As you may have heard, there is a pretty big sporting event going on this weekend. And while gambling sites (if such sites were legal!) have the odds in favor of Peyton Manning or Marshawn Lynch to win Super Bowl MVP, the unsung MVP of this weekend’s game is pretty clearly the material handling and logistics industry.
A couple of years ago, when the Super Bowl was in Dallas, I had the opportunity to speak with some of the employees at Cowboys Stadium as they prepared for the game. One common theme that I have heard about our industry is that we’re the industry that makes the world go ’round. Never has that point resonated more for me than when I wrote that story. At the time, Cowboys Stadium, just like the new Meadowlands (aka MetLife Stadium, a waste of sponsorship dollars if there ever was one), was a brand new stadium, and an absolute spectacle.

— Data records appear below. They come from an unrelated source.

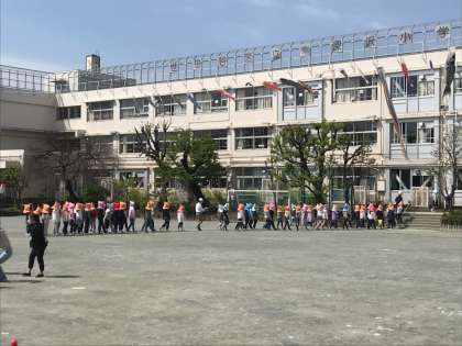 今年度初めての避難訓練は、地震を想定した訓練でした。3学年ずつ、校庭に静かに避難することができました。
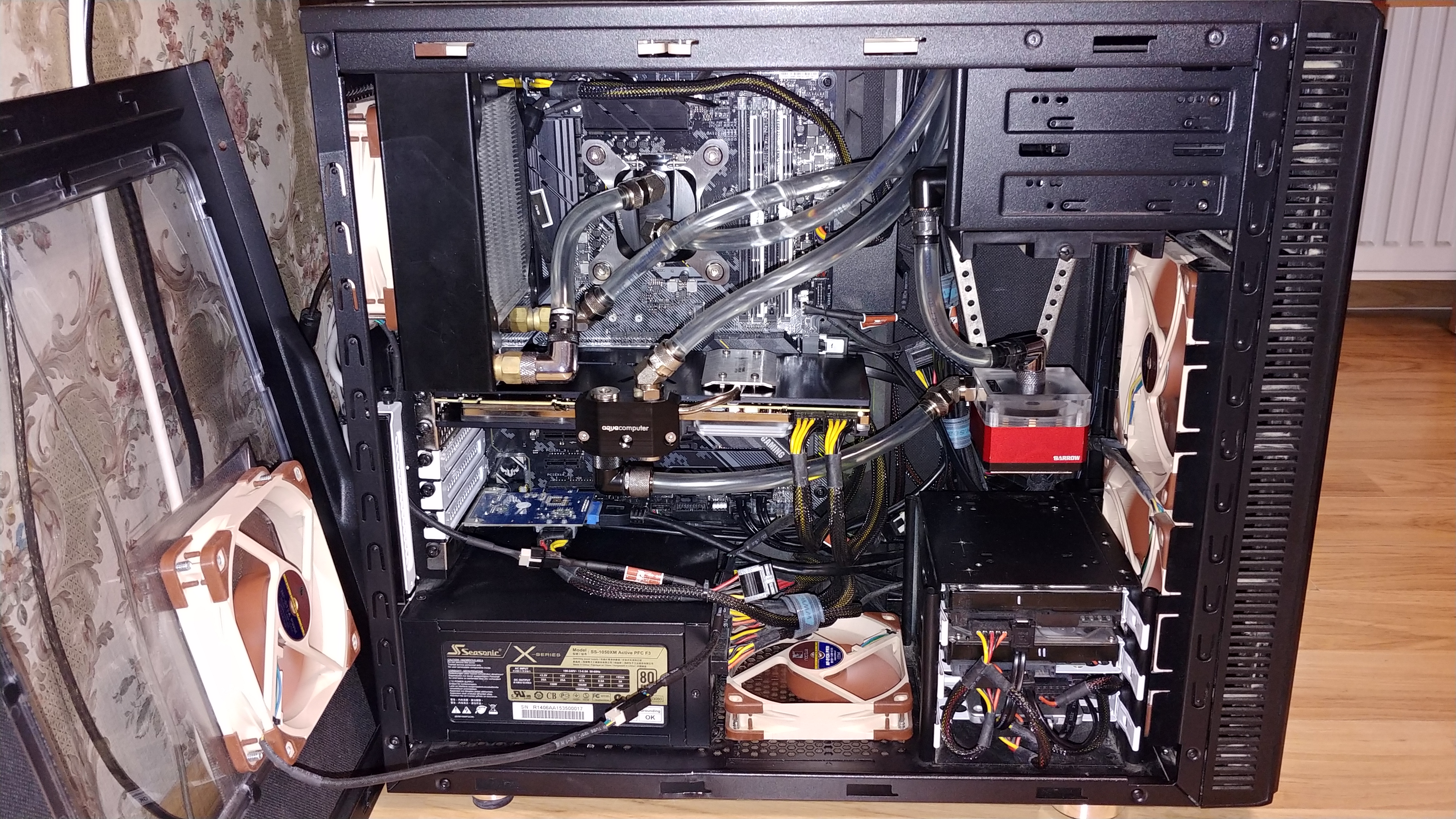 В начале года пересобрал контур. После попереворачивал радиаторы с помпой на максимум, вроде весь воздух вышел(ничего не булькало). Затем прогрел и закупорил. Сейчас глянул, на вб видеокарты чернота появилась.
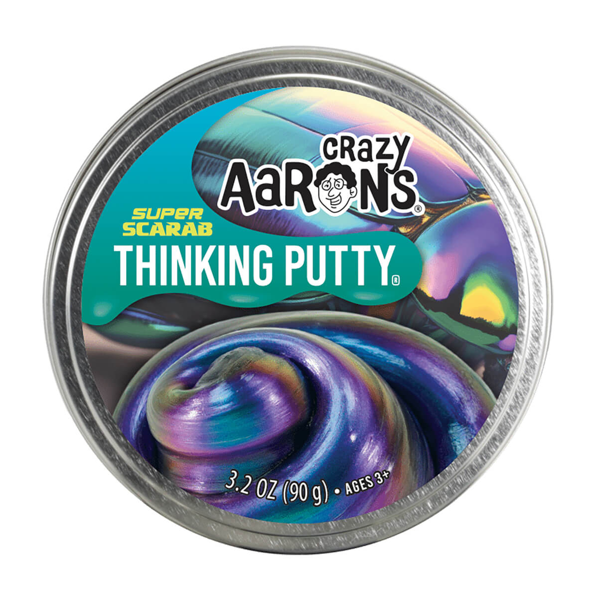 Super Scarab Color Shifting Thinking Putty by Crazy Aarons. The ancient Egyptians were amazed by the scarab beetle. Its beautiful, colour-shifting exoskeleton — which mirrors light in tones of purple, blue, red, and copper — appeared magical and beyond the powers of man. Often used in Egyptian art and religion, the scarab symbolized the restoration of life and was used for amulets, talismans, and jewelry. Super Scarab Thinking Putty® is a modern interpretation of this colorful icon that's sure to leave you as spellbound as its namesake. You can stretch it, bounce it, pop it, tear it, and sculpt it!
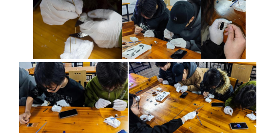 理论讲解结束后,活动进入了备受期待的实操环节。在刘泽雅的亲身示范与细致指导下,师生们逐步体验了传统漆艺中的几项核心装饰与制作步骤。大家亲手尝试贴螺钿——将精致闪亮的贝壳片镶嵌于漆面,感受材质对比带来的视觉趣味;学习了上漆(髹漆)的基本手法,体会漆液在器物表面形成的温润质感与深邃层次;并初步接触调漆流程,了解如何通过调配漆液与辅料来实现不同的艺术效果。现场气氛专注而热烈,每一道工序都让参与者切身感受到大漆工艺的细腻、严谨与独特魅力。
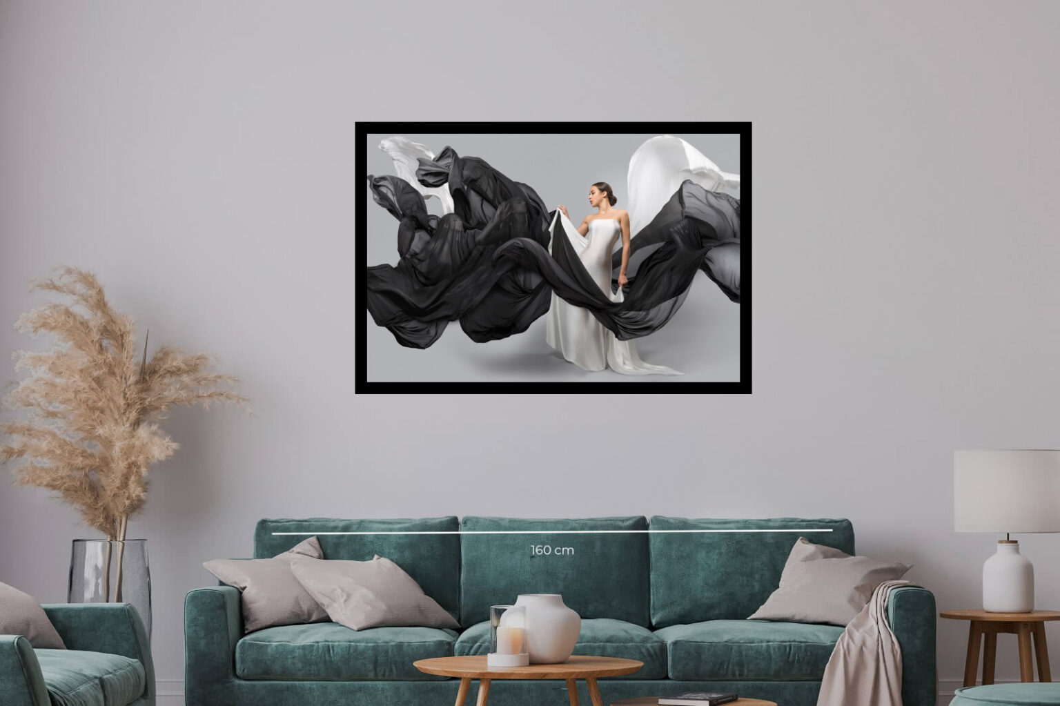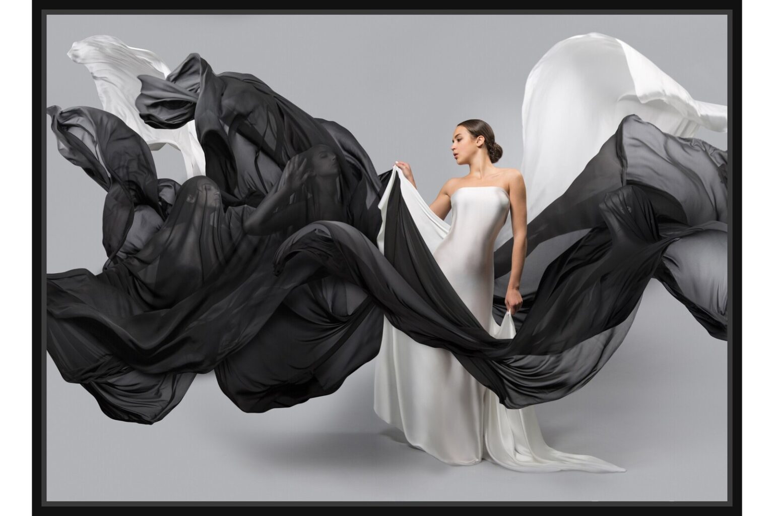 Фотография в черно-бяло, изобразяваща жена в бяла рокля, обгърната от контрастиращи черни воали. Динамична композиция, която съчетава енергия и нежност.
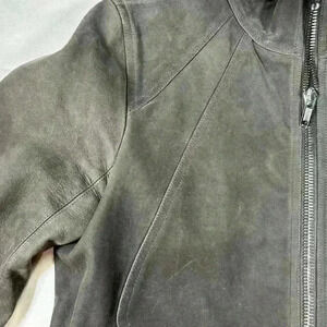 RICK OWENS Men Zipped Calf Leather Jacket in Dark Dust Size 38US
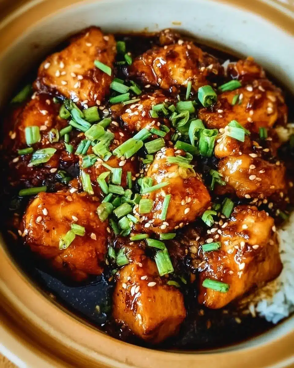 6. Return the chicken to the slow cooker or pour the thickened sauce over the chicken. Garnish with sesame seeds and green onions.
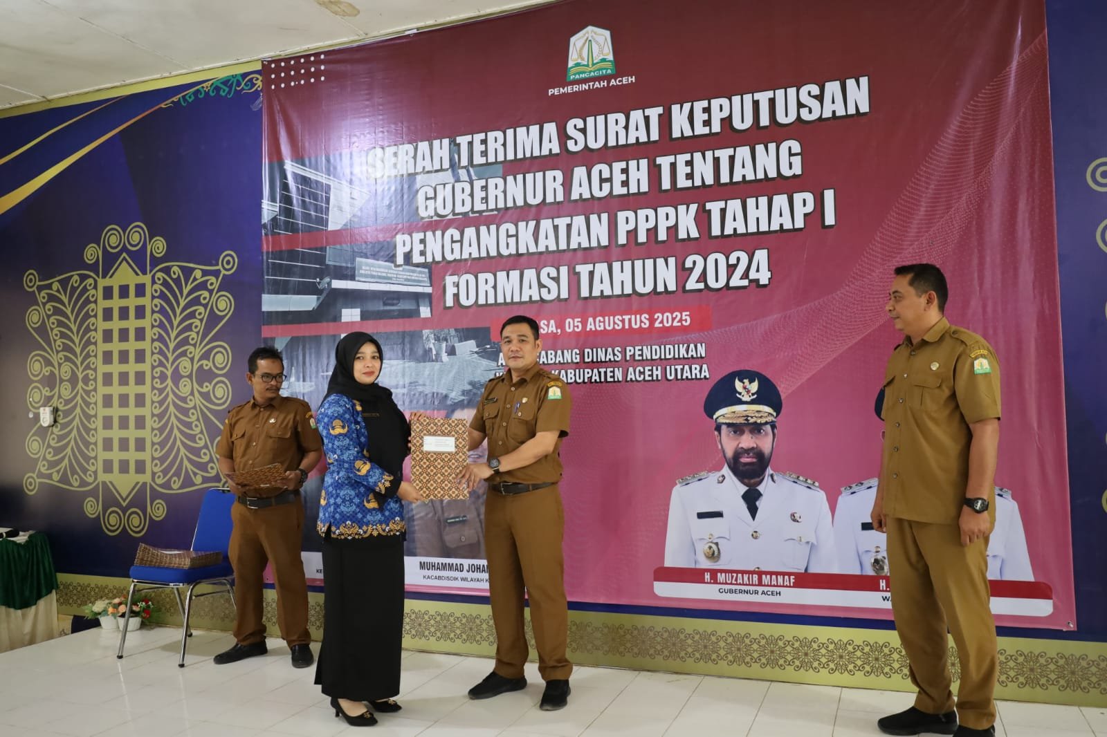 Sementara Kepala Cabang Dinas Pendidikan Aceh Utara, Muhammad Johan, S.Pd.,M.Pd menyerahkan SK di Aula Cabang Dinas Pendidikan setempat kepada 58 P3K. Dari 58 pegawai tersebut, 15 diantaranya, penempatannya di Kantor Cabang Dinas Pendidikan Aceh Utara. Selebihnya, tersebar di SMA/SMK/SLB di Aceh Utara. Usai penyerahan SK, dilanjutkan dengan sesi foto bersama.

The most recognized attribute of the stadium is the massive video board that hangs over the field, measuring 152 ft.-by-72 ft. and weighing 600 tons. The screen requires a hoist system to provide control when it is raised and lowered and to prevent swaying when the enormous end zone doors are opened. The board is supported by specially manufactured wire rope.
Another aspect of the game that material handling had a large impact on was the concessions. Mike Rawlings, CEO of Legends Hospitality Management, the hospitality services provider for Cowboys Stadium, said in an interview with the Dallas Morning News that “More money will be spent in one day on food and drink than ever before in the event’s 45-year history.” With that in mind, it is imperative that the food and beverage be stored and transported in a way that optimizes time and space. The stadium houses a storage room that has been called “the biggest beer cooler in Texas” and is large enough to keep almost a quarter million bottles cold. The stadium utilizes a variety of equipment to move merchandise from storage to vendors. Kenn Harper, executive VP of operations at Southwest Materials Handling Company (Dallas, TX), provided the stadium with a TCM America pneumatic forklift that is used behind the scenes. He also notes that the stadium utilizes Taylor-Dunn tuggers to move things throughout the tunnels and the rest of the stadium.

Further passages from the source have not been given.